DIRECTIONS FOR THIS TASK » Here the job is to transcribe only the lines from the one containing "Miembros del tribunal." through the last line below, exactly as written; please leave out pictures.

━━━━━━━━━━

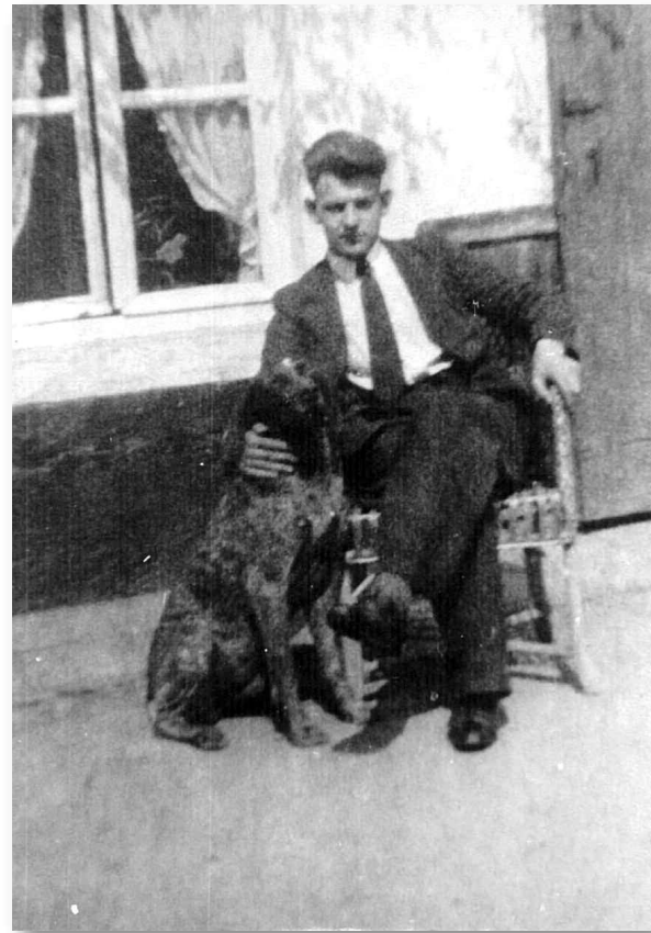
1950. 'Op de cour' van het ouderlijk huis
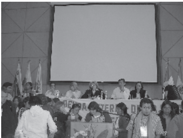
Miembros del tribunal.
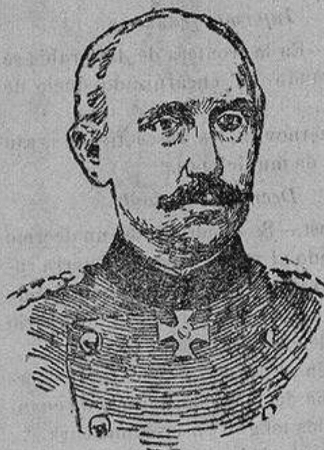
General VON BELOW, que manda el ejército alemán que opera en la región de Riga.
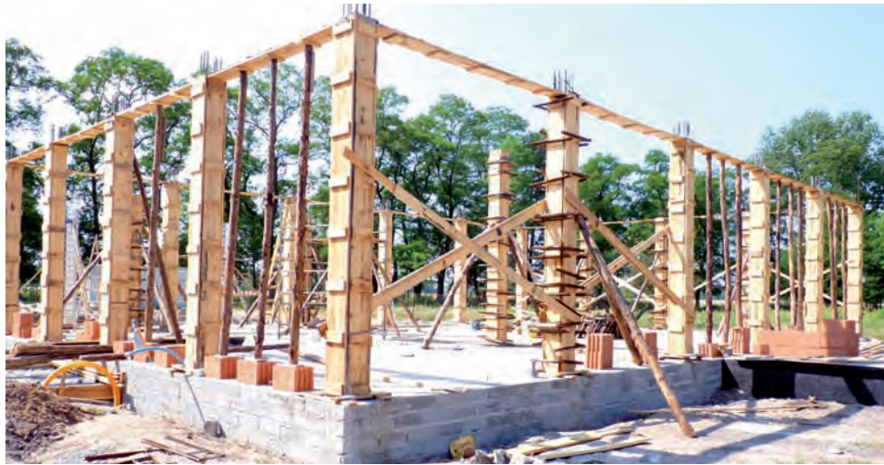
Budowa w Ciołku. Już w listopadzie to będzie świetlica wiejska.

W związku z modernizacją sieci energetycznej, dziś, 29 lipca, bez prądu w godzinach od 8.00 do 14.00 pozostawać będą mieszkańcy bloków nr 1,2,45 i 6 na osiedlu Swoboda w Głownie, a jutro, 30 lipca, mieszkańcy bloku nr 3 na tym samym osiedlu. Od poniedziałku 2 sierpnia do piątku 6 sierpnia w podobnej sytuacji znajdą się mieszkańcy posesji położonych przy ul. Swoboda od numeru 1 do 33 oraz mieszkańcy ul. Wodnej. rpm

━━━━━━━━━━

ANSWER »
Miembros del tribunal.
General VON BELOW, que manda el ejército alemán que opera en la región de Riga.
Budowa w Ciołku. Już w listopadzie to będzie świetlica wiejska.

W związku z modernizacją sieci energetycznej, dziś, 29 lipca, bez prądu w godzinach od 8.00 do 14.00 pozostawać będą mieszkańcy bloków nr 1,2,45 i 6 na osiedlu Swoboda w Głownie, a jutro, 30 lipca, mieszkańcy bloku nr 3 na tym samym osiedlu. Od poniedziałku 2 sierpnia do piątku 6 sierpnia w podobnej sytuacji znajdą się mieszkańcy posesji położonych przy ul. Swoboda od numeru 1 do 33 oraz mieszkańcy ul. Wodnej. rpm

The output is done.